Story 2: LOL! I can't even feel sorry for your "friend". Karma, ya know.

2:00 PM  
Blogger aNON said...

What the hell do we have going on here? A MUTINY?!?!

Look at you all, Kicking me while I'm down. Rattling my cage on a fragile day like this.

Anonymous:
Probably, thanks for pointing out the little details of my (messy) post ... I was hoping no one would catch all that subliminal shit I threw in there. Just checking everyone's alertness, afterall, the week is coming to an end.

TFL (round 1):
Fast learner I see, I thought you would boycott DICTIONARY.COM by now given how it all went down last week.

TFL (round 2):
Story 1 - Damn, I know I mentioned it was a BIG thing ... but you ain't gotta be so literal. Decorum please.

Story 2 - Ha! That's what he gets for not "talking" through the night until the next morning. She could have stolen ANYTHING else, but I'm thinking it was some sort of revenge for a sub-par performance.

Mybrid:
You laugh now, but I'm sure you've been around many-a-misfortunate little boys who endured this back in the day.

Southerngirl:
Story 1 - no worries, I can (sort of) breathe a sigh of relief now. We'll see what transpires.

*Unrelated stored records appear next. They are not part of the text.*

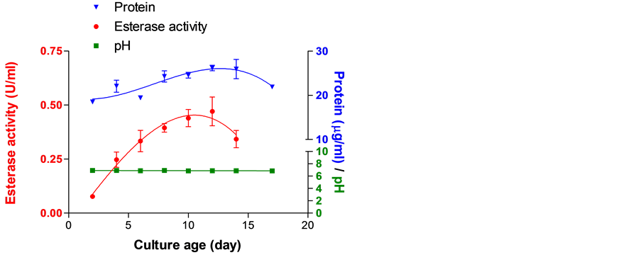 Figure 1. Changes in esterase activity, protein concentration and pH in the growth medium during the growth of the fungi Fusarium oxysporum on a mineral medium [6] containing raw apple cutin. Suspensions of the fungus mycelia (2.5 ml) were added to 90 ml mineral medium containing 0.1% glucose and inoculated in a Fernbach flask for three days until the glucose was exhausted. Then, 2 ml of the inoculum was added to a 250 ml Erlenmeyer flask containing 16 ml mineral medium containing 100 mg raw apple cutin powder instead of glucose. The cultures were kept at 23˚C without shaking. Values represent the average of three measurements. Bars indicate standard deviation. One unit of esterase is defined as the amount of enzyme required for the release of 1 micromole p-nitrophenol per ml per min.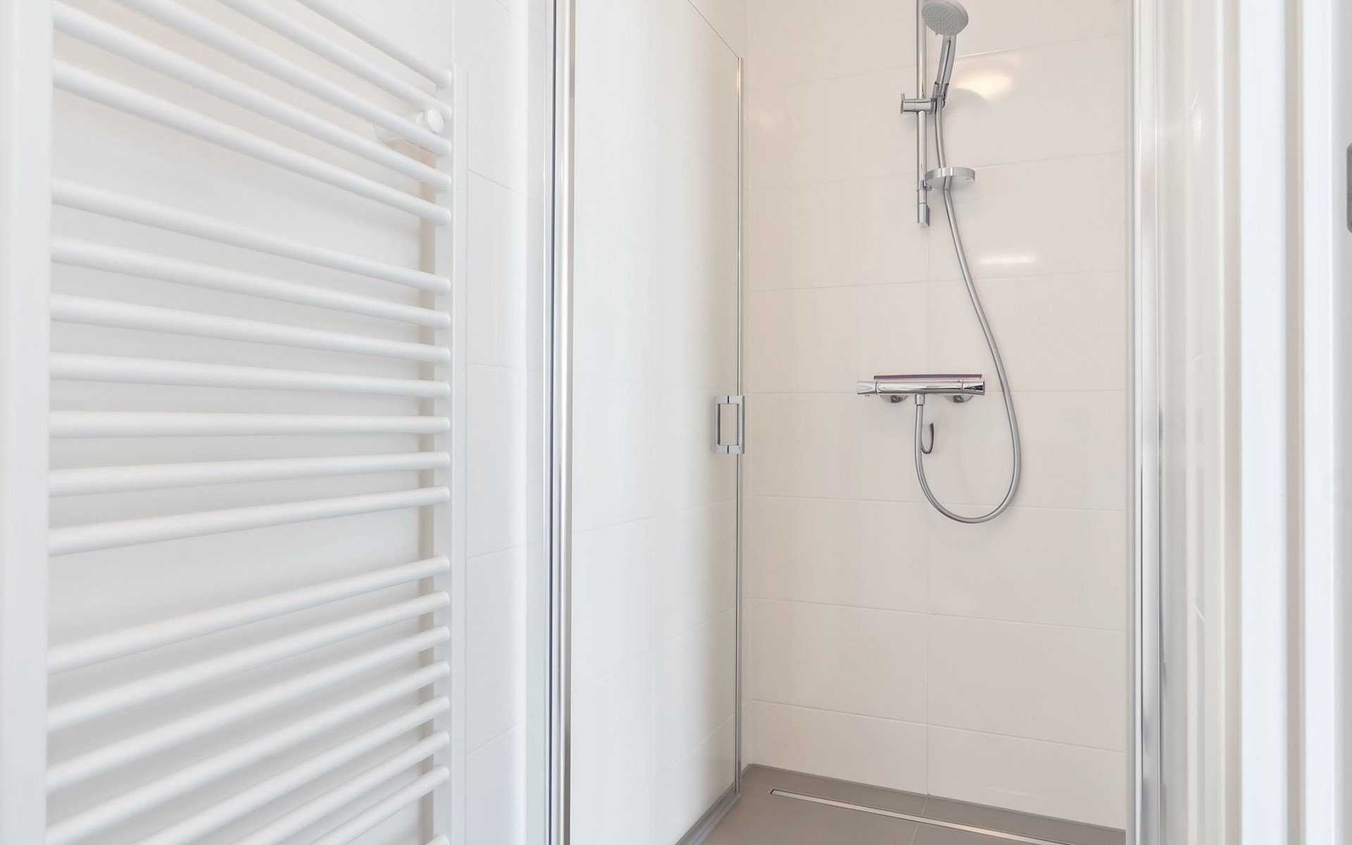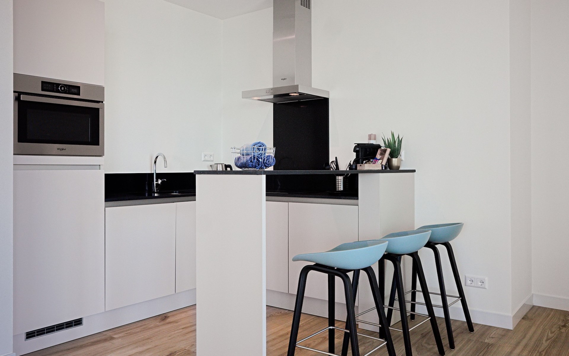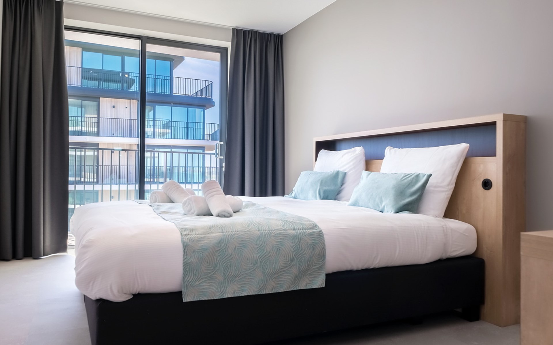 The spacious balcony is located all around the apartment and offers multiple viewpoints over the surrounding area, including the North Sea. A wonderful place to get together with the whole travel party and enjoy a delicious bite or drink! The balcony is accessible from the living room and all bedrooms.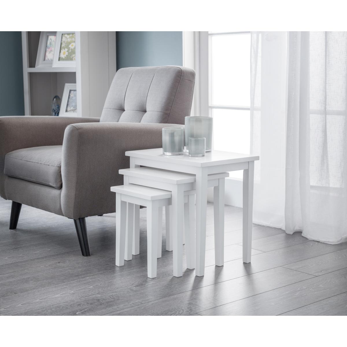 I love this set of nest tables for their clean, versatile look that can suit a range of interiors, from modern minimalism to classic schemes. The pure white finish makes them perfect for brightening up smaller spaces or acting as a neutral backdrop in more layered settings. Practical tips include using these as side tables in the living room, stacking them to save space, or even as a small workspace or display surface. They work particularly well in cosy corners or alongside neutral furnishings, but can also be styled with colourful accessories, plants, or decorative lamps to add personality. Their straightforward design and neutral colour make them highly adaptable, providing both function and a touch of understated style.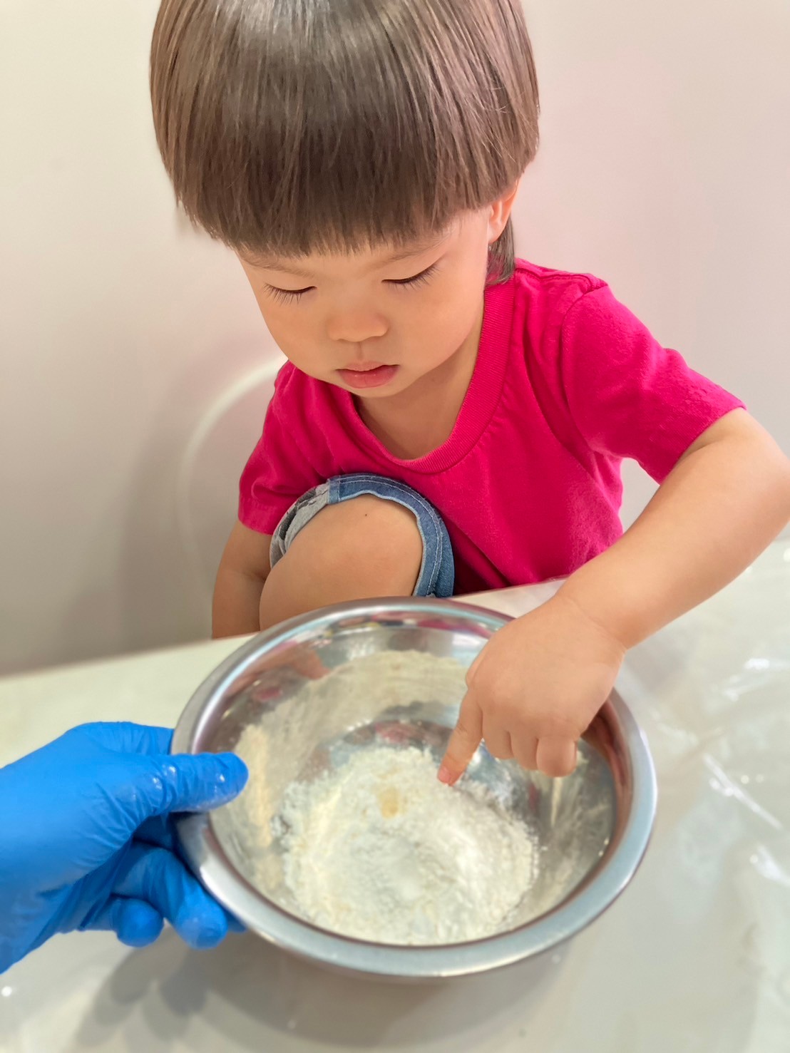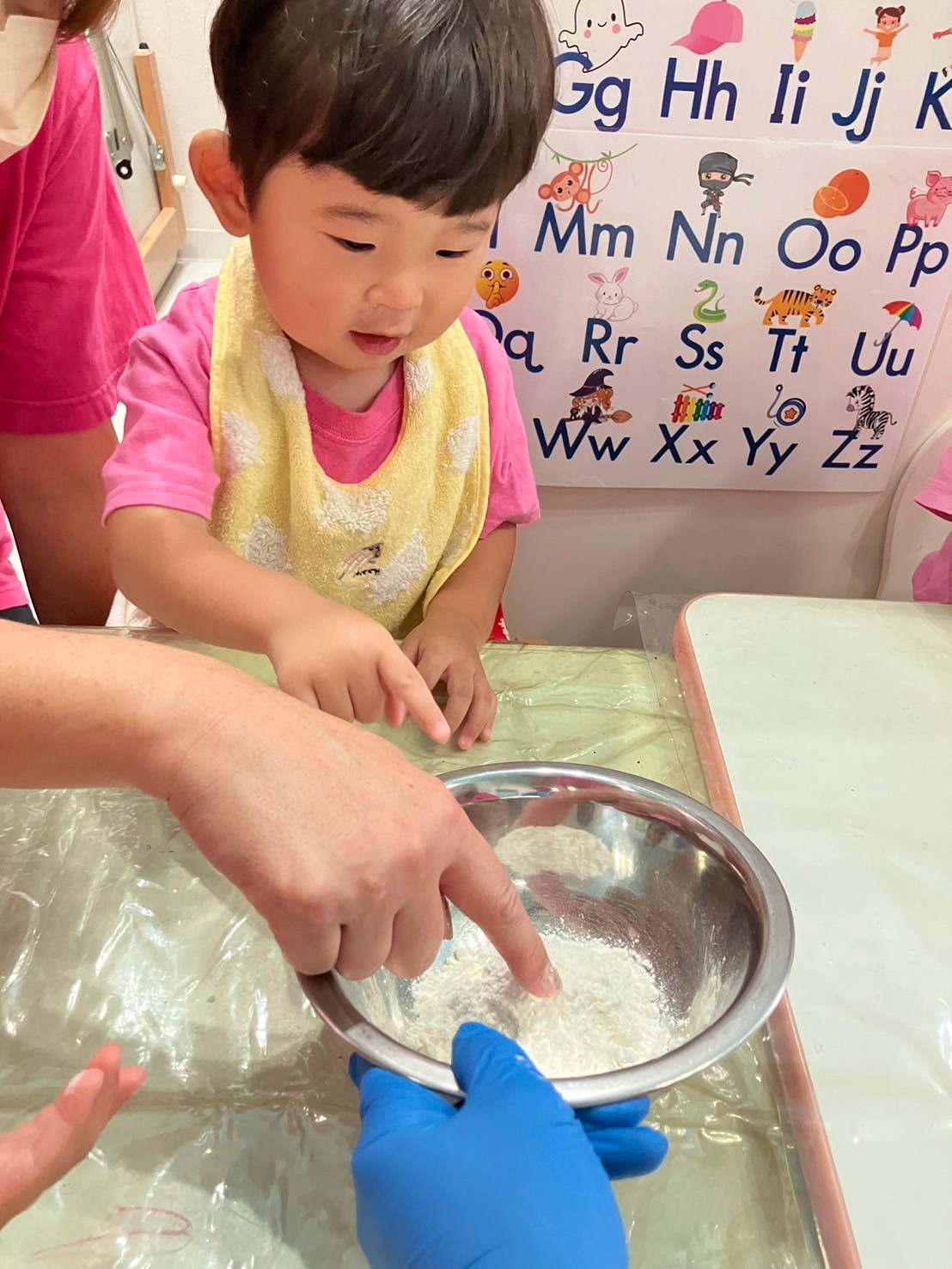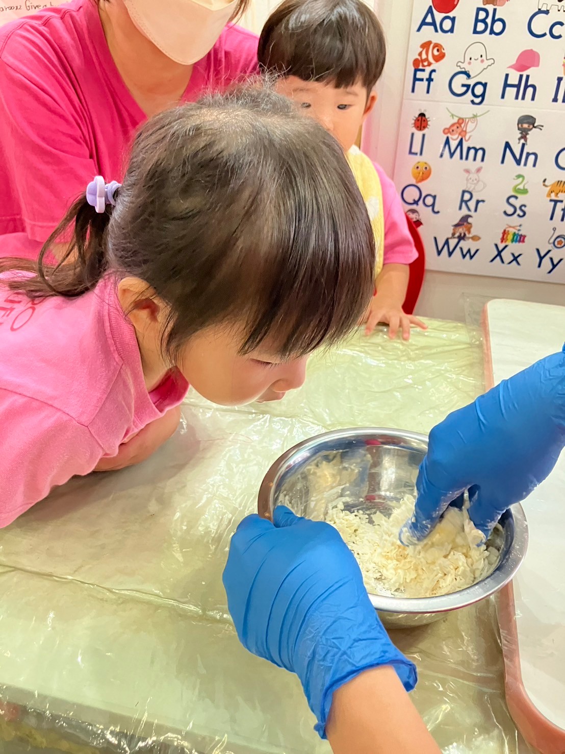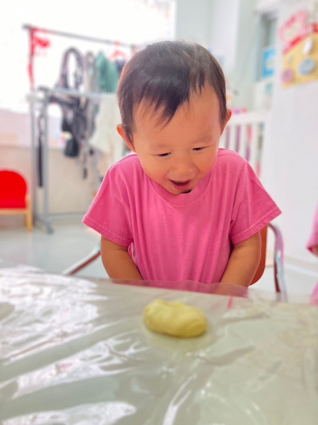 もちもちした小麦粉粘土を触ってとても気持ちよさそうです♡

Story 2, I'll pass on your message about Karma ... "What goes around, steals pants."


WHERE IS MELANIE??!? She gives me Hugs and Kisses and stuff like that.

5:49 PM  
Anonymous Anonymous said...

Men and pain {shaking head}

OK, I'll stand in for Melanie. Shall I kiss it and make it better? (Um-m-m, as long as it's not the circumcision thing)

And mutiny is fun. Pass the rum!

7:12 PM  
Blogger Mermaid Melanie said...

Hey hey, i never offered to kiss anything...yet!

so this procedure is definitely below the waist. Wonder if the person preforming this procedure is listed as a single on the Craigs list?

watch out for your pants....

;-)

8:07 PM  
Blogger Mermaid Melanie said...

Glass...

8:07 PM  
Blogger aNON said...

southerngirl,
You can't kiss it, but you can stroke it. Here's to MUTINY...

Melanie,
southerngirl has just brought her 'A' game. Do you wish to up the ante? Check out my Craigslist AD to find out how ;)

After THAT story, I think every guy should invest in a safe. Personally, I got some cool pants that I can't see myself parting with.

Glass is correct (again!)

8:18 PM  
Blogger aNON said...

I should mention that the "BIG thing" is somewhat related to my ego (hence it being strokable not kissable).

10:45 PM  
Blogger Mermaid Melanie said...

Yea yea RC. i can see you wanna play the girls off each other. I did read the blog about girl fights. I personally think you and southern girl are already down and delicious with each other. None of my bizanezz though.

Won't stop me from hugging you...HUG. xoxo

And once you procedure yourself, and get up from the couch, make sure he gives you a margarita flavored lollipop. It is all going to be just fine. Deep breaths. Glass.

11:56 PM  
Anonymous Anonymous said...

Melanie,

Hm-m-m, good point about his fixation with girl fights. I, myself, always champion my sisters, not beat them up.

And I never get down and delicious on a first blog. I'm not that kind of girl.